The city obliged my early transportation whims when it became to implement such a policy, but as with any change, cab drivers threw a few. The hybrids didn’t have enough trunk space; they were too expensive to maintain; they can’t withstand the abuse of daily work on the pothole-laden streets of New York. Yadda yadda yadda.
Eventually, a lawyer figured out a way to challenge the city’s move by highlighting a preemption argument under the Clean Air Act. The city, said a federal judge, was precluded from enforcing gas mileage standards because Congress had preempted the field via federal legislation. It seems crazy to think that a federal court would find the Clean Air Act a preemption of New York City’s efforts at regulating the taxi industry, but there go.
The city tried to enforce a different policy — offering cab drivers financial incentives to switch to hybrids. That effort too was deemed a “de facto mandate” in violation of the city’s inability to regulate vehicle emissions standards, and while New York could license hybrid taxis and include them on the allowable list of vehicles, the city could not mandate them. Of course, an appeal to the Supreme Court followed.
Yesterday, the high court declined to hear the case, thus ending an important environmental effort for now. City officials were upset. “I am bitterly disappointed,” Taxi and Limousine Commission Chair David S. Yassky said. “New York City is trying to reduce literally millions of tons of carbon dioxide emissions, and the Supreme Court has told us we can’t do it. I cannot imagine when Congress wrote the Clean Air Act that they intended to handcuff states and cities trying to clean their own air.”
Michael Bloomberg too expressed his displeasure with the ruling, and he appealed, off-handedly, to a theory of federalism in which states server as laboratories for federal policy in a democracy. The cities are those that are addressing real-world problems like climate change and energy policy,” the Mayor said. “The federal government seems unable to address those issues.”

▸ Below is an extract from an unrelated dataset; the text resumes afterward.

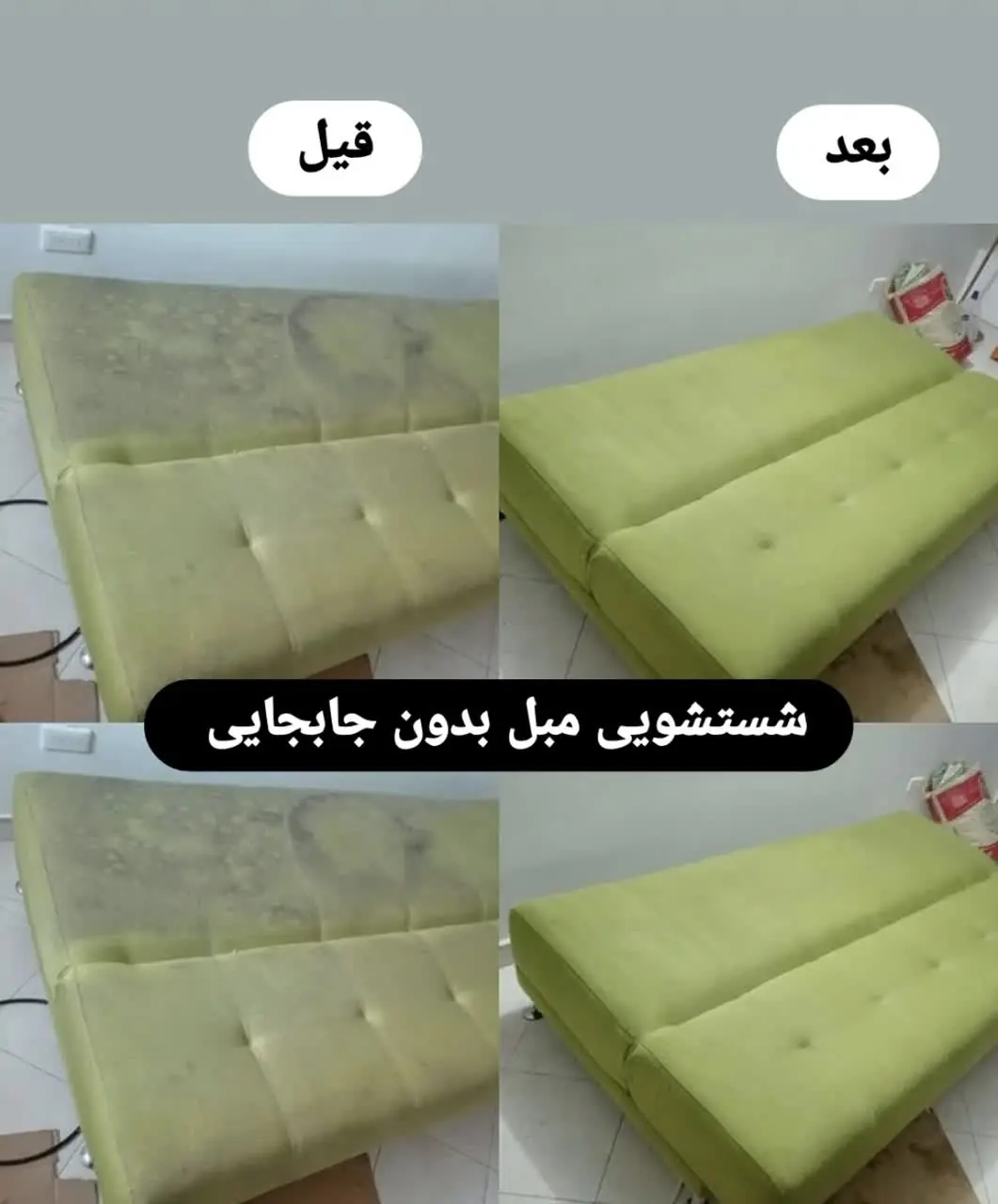 • شستشو با دستگاه فرش‌شویی صنعتی: برای مبل‌های با روکش قابل جدا شدن (پارچه‌ای)، که امکان شستشوی عمقی و کامل را فراهم می‌کند.

So what’s next? Senator Kirsten Gillibrand is on the case. Via Twitter, she said she would again pursue an effort to gain Congressional approval of her Green Taxis Act. She attempted to usher in this piece of legislation in 2009, but the Senate did not act on it. The bill would “authorize States or political subdivisions thereof to regulate fuel economy and emissions standards for taxicabs,” and the full text is available online. Hopefully, this measure can gain approval in DC.
Meanwhile, the city is moving forward with its plans for the Taxi of Tomorrow. The Karsan design has been chosen as the people’s favorite, and the city will soon make its determination from one of the finalists. If the winner is fuel efficient and offers a more sustainable ride, perhaps all of this litigation will have been for naught. Still, the city should be able to mandate its own fuel standards for its taxi fleet, and this non-decision by the Supreme Court is both unsurprising and dismaying.